== MATERIAL FOR THE TASK
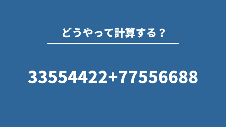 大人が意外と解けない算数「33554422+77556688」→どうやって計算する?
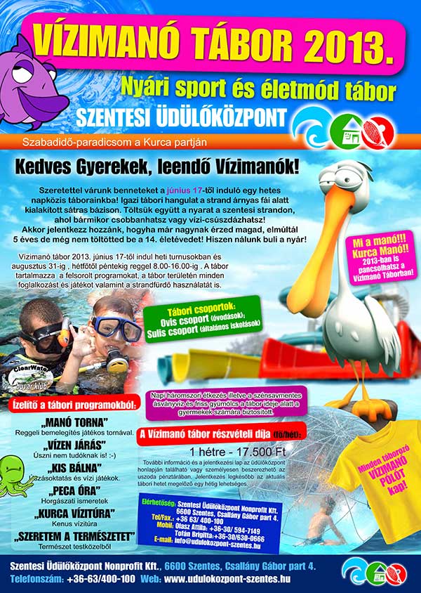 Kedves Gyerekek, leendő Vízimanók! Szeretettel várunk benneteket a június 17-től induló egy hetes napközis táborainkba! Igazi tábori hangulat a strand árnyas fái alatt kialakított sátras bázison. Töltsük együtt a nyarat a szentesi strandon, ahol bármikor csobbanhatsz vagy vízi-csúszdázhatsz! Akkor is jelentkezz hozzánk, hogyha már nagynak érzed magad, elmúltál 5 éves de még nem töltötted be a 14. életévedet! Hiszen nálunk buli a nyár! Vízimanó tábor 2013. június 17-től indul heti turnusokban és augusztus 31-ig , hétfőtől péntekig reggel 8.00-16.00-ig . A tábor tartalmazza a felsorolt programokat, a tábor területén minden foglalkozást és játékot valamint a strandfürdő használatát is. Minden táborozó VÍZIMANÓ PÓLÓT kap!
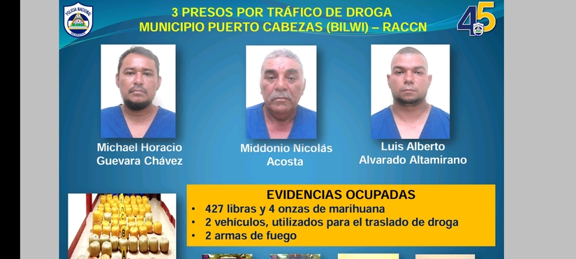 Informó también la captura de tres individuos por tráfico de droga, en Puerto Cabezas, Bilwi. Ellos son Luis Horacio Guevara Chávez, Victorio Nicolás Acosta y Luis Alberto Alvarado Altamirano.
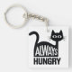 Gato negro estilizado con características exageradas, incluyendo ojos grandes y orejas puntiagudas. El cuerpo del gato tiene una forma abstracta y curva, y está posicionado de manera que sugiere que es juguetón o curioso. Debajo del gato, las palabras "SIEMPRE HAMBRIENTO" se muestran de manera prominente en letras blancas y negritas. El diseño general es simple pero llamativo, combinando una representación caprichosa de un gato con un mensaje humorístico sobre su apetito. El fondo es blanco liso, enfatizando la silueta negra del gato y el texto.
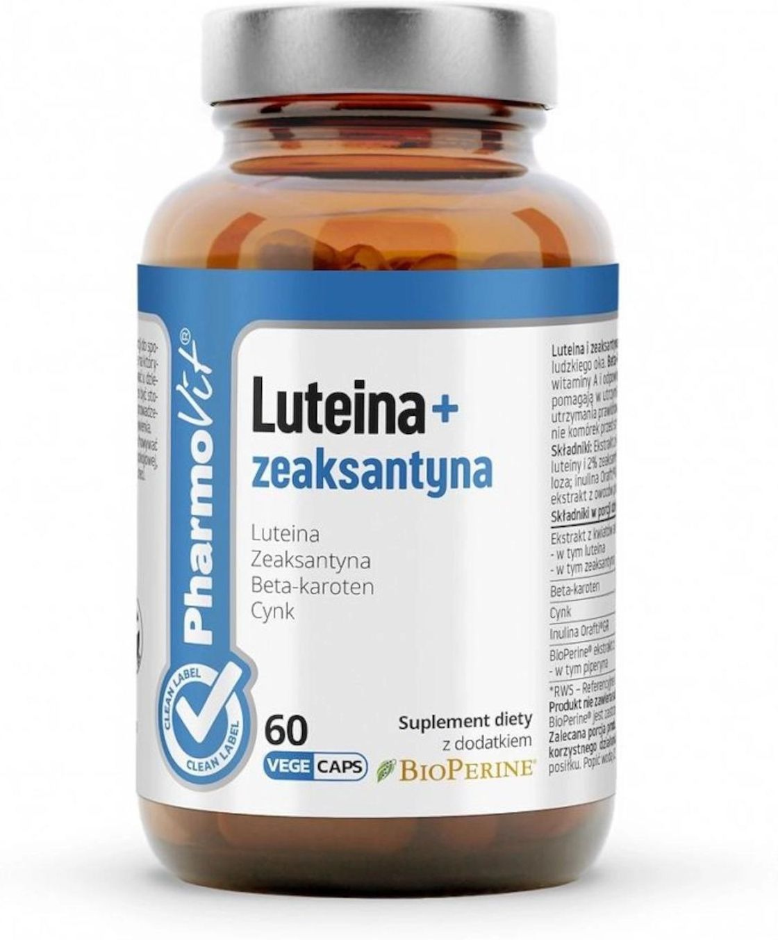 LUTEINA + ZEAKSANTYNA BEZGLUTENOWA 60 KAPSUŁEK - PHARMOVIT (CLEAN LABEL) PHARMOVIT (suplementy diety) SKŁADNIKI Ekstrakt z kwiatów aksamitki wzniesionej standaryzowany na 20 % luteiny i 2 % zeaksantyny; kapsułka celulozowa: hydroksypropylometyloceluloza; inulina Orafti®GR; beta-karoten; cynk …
====
== MATERIAL FOR THE TASK
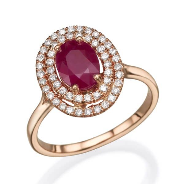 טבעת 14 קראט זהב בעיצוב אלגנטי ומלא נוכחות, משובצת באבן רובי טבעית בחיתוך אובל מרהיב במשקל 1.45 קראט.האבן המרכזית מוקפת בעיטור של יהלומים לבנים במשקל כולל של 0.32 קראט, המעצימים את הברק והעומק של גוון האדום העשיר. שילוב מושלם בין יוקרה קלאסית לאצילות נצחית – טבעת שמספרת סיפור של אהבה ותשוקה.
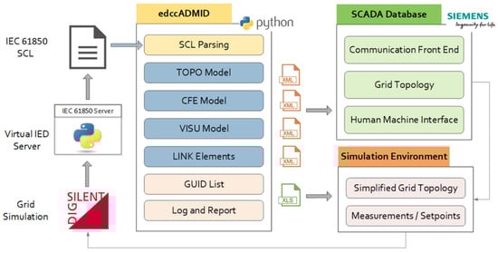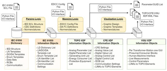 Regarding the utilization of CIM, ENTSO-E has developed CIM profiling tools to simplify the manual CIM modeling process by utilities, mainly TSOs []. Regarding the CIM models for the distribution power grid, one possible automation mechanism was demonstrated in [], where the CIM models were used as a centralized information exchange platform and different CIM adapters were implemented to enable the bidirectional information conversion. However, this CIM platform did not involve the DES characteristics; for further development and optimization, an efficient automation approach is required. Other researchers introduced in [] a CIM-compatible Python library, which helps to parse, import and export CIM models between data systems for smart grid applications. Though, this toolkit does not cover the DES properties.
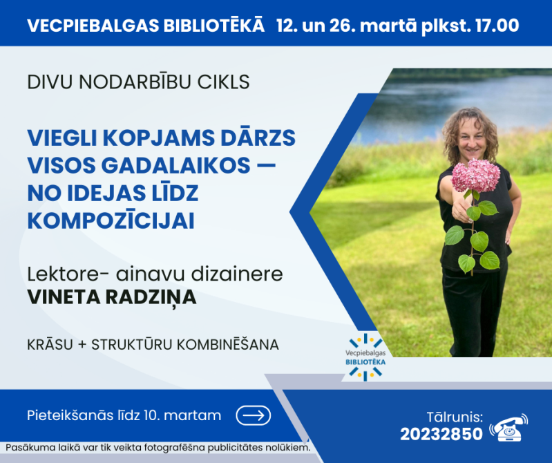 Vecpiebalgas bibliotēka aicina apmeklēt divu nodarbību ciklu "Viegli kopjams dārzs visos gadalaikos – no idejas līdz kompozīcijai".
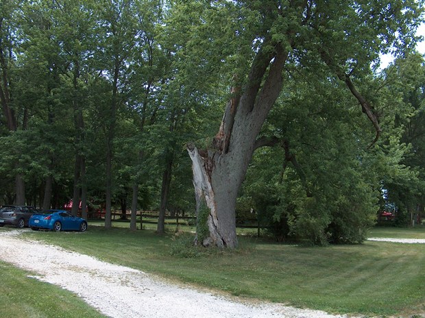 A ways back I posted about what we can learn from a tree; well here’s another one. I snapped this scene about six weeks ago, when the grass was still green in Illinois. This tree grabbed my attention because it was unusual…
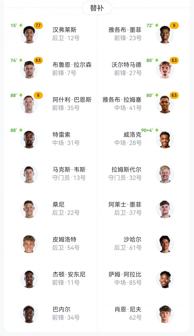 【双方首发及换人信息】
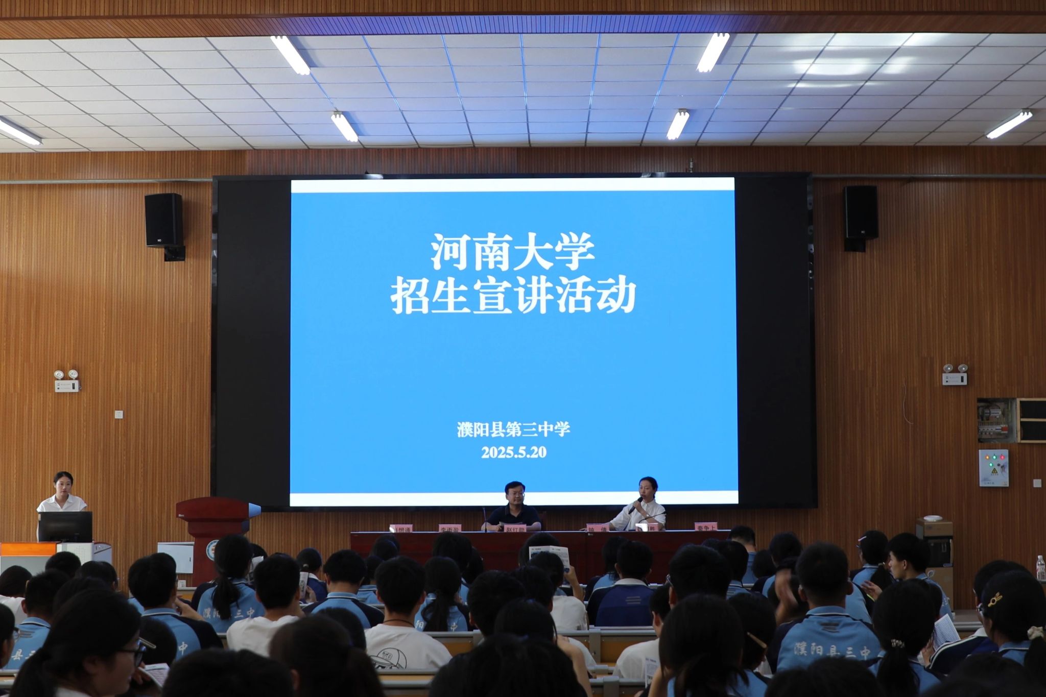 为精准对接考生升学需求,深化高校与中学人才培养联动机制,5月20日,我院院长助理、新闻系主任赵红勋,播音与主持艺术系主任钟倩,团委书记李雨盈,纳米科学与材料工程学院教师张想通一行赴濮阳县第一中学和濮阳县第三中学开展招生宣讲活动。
====
== MATERIAL FOR THE TASK
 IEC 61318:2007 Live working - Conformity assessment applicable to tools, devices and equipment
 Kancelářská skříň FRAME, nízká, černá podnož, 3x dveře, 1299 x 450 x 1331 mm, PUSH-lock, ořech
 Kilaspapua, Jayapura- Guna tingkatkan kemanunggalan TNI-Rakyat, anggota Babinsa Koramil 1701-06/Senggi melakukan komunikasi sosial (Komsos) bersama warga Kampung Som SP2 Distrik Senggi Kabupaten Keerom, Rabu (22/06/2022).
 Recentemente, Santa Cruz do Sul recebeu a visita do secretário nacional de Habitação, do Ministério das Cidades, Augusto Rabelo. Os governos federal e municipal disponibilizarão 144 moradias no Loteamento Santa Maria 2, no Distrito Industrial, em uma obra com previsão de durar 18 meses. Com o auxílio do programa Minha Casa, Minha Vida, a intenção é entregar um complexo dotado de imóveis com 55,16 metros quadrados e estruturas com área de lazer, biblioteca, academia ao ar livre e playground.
====
YOUR OBJECTIVE: Look back at the entries above and repeat, unchanged, every line from the line holding "Kilaspapua, Jayapura- Guna" through the line holding "Recentemente, Santa Cruz".

ANSWER BOX:
 Kilaspapua, Jayapura- Guna tingkatkan kemanunggalan TNI-Rakyat, anggota Babinsa Koramil 1701-06/Senggi melakukan komunikasi sosial (Komsos) bersama warga Kampung Som SP2 Distrik Senggi Kabupaten Keerom, Rabu (22/06/2022).
 Recentemente, Santa Cruz do Sul recebeu a visita do secretário nacional de Habitação, do Ministério das Cidades, Augusto Rabelo. Os governos federal e municipal disponibilizarão 144 moradias no Loteamento Santa Maria 2, no Distrito Industrial, em uma obra com previsão de durar 18 meses. Com o auxílio do programa Minha Casa, Minha Vida, a intenção é entregar um complexo dotado de imóveis com 55,16 metros quadrados e estruturas com área de lazer, biblioteca, academia ao ar livre e playground.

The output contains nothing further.